* _What is expected_
In the records that follow, the lines from the one containing "A black bracelet" to the one containing "FANTTIK T8 2000", inclusive, are to be given again exactly.

BEGIN Material supplied

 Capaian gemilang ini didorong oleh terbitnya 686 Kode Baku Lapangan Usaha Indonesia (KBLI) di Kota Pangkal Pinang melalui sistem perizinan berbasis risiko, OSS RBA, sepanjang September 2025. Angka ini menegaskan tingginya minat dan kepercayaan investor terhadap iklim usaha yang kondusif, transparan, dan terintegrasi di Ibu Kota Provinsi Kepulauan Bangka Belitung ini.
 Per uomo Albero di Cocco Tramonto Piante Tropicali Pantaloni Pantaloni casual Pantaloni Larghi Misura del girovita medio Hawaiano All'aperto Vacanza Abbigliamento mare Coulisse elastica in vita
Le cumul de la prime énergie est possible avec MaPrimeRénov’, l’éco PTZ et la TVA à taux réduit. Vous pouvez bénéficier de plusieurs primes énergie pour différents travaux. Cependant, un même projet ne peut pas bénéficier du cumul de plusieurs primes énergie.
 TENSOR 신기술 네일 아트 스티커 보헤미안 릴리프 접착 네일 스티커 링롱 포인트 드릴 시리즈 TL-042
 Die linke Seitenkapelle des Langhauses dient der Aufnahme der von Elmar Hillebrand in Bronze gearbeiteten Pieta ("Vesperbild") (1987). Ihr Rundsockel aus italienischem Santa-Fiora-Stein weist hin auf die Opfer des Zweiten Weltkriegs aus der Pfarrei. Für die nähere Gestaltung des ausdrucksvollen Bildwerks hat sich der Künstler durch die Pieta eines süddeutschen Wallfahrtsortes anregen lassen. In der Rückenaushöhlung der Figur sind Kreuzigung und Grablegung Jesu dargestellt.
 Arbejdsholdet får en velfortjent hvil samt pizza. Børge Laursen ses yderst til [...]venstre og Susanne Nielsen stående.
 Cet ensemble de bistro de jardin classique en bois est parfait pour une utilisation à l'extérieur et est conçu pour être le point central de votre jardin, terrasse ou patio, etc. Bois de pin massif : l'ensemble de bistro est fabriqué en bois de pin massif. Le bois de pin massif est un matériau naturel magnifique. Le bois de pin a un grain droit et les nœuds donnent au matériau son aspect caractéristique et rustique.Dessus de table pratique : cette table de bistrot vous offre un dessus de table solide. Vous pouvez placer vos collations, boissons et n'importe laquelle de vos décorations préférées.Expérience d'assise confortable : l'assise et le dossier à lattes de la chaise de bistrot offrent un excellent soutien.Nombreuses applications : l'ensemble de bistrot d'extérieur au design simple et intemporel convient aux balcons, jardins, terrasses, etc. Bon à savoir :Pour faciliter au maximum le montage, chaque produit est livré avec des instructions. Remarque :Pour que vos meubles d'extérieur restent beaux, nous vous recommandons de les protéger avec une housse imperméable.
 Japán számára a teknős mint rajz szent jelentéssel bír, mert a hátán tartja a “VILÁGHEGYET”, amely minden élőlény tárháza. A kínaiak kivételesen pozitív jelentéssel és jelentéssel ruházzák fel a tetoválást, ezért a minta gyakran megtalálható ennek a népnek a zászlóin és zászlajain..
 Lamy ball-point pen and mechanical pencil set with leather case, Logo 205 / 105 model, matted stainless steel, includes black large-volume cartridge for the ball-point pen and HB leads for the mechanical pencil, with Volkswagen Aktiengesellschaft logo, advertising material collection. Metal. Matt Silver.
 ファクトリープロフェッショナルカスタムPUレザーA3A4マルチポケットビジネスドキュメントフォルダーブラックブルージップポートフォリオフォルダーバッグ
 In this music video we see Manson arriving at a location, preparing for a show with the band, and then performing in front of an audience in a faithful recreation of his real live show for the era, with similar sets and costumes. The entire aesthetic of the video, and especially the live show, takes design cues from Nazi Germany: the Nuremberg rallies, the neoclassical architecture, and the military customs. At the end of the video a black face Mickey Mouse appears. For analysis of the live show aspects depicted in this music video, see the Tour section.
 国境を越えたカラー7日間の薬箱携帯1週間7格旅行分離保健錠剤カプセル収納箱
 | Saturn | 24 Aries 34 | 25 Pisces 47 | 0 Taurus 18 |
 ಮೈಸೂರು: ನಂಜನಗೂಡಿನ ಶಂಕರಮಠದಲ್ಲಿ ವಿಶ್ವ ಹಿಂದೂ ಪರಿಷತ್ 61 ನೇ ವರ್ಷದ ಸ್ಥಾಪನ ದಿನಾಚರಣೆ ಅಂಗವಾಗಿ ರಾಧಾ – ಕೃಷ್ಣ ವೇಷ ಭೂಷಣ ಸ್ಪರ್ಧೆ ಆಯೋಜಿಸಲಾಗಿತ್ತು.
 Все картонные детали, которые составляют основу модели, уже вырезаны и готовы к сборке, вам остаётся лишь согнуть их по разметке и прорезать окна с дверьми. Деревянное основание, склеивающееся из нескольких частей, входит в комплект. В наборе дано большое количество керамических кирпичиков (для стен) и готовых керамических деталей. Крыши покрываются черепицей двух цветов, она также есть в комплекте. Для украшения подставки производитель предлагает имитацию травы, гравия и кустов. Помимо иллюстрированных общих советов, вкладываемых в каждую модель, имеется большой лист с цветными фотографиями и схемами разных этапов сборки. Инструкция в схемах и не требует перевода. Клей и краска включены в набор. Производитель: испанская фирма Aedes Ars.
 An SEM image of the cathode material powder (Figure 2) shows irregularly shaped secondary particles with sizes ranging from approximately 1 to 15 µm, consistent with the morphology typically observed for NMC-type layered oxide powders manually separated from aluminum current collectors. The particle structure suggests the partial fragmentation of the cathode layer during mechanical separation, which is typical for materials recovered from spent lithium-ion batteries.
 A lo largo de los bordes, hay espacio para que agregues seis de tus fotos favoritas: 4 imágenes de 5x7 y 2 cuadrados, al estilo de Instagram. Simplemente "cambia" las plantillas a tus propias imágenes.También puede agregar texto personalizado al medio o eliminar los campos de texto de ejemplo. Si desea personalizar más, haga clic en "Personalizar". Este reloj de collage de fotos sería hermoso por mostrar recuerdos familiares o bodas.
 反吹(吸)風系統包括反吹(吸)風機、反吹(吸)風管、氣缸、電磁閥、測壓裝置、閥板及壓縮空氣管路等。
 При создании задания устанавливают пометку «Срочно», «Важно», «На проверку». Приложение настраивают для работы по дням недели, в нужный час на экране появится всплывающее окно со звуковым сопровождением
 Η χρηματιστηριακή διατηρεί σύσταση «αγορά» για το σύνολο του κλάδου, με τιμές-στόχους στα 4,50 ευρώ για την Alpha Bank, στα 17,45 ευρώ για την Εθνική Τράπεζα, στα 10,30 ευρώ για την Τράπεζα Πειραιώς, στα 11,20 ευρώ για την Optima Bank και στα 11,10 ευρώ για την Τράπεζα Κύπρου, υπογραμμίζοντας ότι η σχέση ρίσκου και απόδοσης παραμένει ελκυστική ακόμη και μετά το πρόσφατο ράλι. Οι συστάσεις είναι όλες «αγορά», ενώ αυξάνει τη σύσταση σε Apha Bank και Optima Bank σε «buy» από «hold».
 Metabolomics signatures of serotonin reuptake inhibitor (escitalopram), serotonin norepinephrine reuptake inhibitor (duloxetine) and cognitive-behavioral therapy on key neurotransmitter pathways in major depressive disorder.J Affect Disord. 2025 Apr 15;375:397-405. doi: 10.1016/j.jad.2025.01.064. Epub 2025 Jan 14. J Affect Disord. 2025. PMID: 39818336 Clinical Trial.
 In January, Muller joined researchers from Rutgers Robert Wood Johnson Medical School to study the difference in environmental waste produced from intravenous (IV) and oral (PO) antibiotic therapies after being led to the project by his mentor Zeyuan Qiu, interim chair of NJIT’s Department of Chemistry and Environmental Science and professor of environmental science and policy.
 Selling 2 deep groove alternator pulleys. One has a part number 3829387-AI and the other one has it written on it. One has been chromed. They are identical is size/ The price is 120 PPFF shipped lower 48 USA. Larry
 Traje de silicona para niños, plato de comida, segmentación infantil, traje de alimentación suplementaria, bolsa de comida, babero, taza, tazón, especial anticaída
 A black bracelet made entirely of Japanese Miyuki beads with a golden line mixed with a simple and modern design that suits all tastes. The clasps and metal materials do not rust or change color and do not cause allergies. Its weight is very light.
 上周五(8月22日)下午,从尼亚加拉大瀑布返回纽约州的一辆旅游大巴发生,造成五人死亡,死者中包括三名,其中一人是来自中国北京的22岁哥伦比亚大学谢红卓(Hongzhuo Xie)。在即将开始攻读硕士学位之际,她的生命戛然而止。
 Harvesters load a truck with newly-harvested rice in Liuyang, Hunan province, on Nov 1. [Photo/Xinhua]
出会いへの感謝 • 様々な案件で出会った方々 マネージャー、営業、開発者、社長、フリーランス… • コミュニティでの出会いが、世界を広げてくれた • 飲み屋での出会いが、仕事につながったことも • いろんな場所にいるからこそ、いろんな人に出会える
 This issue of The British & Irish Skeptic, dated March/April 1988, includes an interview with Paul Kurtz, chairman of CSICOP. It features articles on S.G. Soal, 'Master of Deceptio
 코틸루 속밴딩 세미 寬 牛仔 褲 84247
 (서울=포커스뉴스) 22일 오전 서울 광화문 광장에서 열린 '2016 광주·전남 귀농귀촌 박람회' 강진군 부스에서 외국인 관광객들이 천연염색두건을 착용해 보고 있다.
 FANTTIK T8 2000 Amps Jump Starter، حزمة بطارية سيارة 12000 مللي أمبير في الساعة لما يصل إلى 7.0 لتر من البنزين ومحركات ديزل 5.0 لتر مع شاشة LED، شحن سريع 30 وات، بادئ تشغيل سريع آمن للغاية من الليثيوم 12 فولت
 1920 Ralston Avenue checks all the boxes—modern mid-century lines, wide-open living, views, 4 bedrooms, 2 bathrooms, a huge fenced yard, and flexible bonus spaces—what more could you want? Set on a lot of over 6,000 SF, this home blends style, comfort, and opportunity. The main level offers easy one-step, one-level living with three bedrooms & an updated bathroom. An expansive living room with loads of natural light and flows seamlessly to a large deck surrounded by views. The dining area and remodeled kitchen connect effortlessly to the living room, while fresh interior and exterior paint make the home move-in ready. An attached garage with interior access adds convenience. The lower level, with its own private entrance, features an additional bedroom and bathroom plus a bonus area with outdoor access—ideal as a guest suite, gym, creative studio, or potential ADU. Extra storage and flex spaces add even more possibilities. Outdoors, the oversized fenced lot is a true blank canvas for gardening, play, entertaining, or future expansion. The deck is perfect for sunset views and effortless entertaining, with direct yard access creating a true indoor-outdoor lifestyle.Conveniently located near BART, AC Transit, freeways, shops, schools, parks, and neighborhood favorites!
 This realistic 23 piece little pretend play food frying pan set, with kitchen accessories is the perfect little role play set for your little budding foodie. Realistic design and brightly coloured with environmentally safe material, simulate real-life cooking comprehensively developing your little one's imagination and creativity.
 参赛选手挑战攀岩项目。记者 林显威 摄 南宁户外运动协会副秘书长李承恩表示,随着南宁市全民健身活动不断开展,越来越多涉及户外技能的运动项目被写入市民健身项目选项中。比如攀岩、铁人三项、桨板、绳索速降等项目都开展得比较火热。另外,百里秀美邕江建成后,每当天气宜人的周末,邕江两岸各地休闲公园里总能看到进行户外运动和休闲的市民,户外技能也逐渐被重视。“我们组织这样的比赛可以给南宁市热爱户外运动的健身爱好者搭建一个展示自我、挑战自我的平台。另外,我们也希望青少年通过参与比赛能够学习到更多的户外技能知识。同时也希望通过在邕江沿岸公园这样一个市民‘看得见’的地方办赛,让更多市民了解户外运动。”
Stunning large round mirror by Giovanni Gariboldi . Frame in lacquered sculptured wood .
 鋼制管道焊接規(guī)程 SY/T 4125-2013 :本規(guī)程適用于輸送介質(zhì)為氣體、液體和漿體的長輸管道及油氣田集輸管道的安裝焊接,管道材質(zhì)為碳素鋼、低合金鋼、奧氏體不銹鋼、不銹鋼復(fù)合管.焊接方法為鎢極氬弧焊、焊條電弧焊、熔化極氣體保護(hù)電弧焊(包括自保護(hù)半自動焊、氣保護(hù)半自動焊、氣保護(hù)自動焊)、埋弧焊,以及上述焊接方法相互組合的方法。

END Material supplied

* _Exercise response_
 A black bracelet made entirely of Japanese Miyuki beads with a golden line mixed with a simple and modern design that suits all tastes. The clasps and metal materials do not rust or change color and do not cause allergies. Its weight is very light.
 上周五(8月22日)下午,从尼亚加拉大瀑布返回纽约州的一辆旅游大巴发生,造成五人死亡,死者中包括三名,其中一人是来自中国北京的22岁哥伦比亚大学谢红卓(Hongzhuo Xie)。在即将开始攻读硕士学位之际,她的生命戛然而止。
 Harvesters load a truck with newly-harvested rice in Liuyang, Hunan province, on Nov 1. [Photo/Xinhua]
出会いへの感謝 • 様々な案件で出会った方々 マネージャー、営業、開発者、社長、フリーランス… • コミュニティでの出会いが、世界を広げてくれた • 飲み屋での出会いが、仕事につながったことも • いろんな場所にいるからこそ、いろんな人に出会える
 This issue of The British & Irish Skeptic, dated March/April 1988, includes an interview with Paul Kurtz, chairman of CSICOP. It features articles on S.G. Soal, 'Master of Deceptio
 코틸루 속밴딩 세미 寬 牛仔 褲 84247
 (서울=포커스뉴스) 22일 오전 서울 광화문 광장에서 열린 '2016 광주·전남 귀농귀촌 박람회' 강진군 부스에서 외국인 관광객들이 천연염색두건을 착용해 보고 있다.
 FANTTIK T8 2000 Amps Jump Starter، حزمة بطارية سيارة 12000 مللي أمبير في الساعة لما يصل إلى 7.0 لتر من البنزين ومحركات ديزل 5.0 لتر مع شاشة LED، شحن سريع 30 وات، بادئ تشغيل سريع آمن للغاية من الليثيوم 12 فولت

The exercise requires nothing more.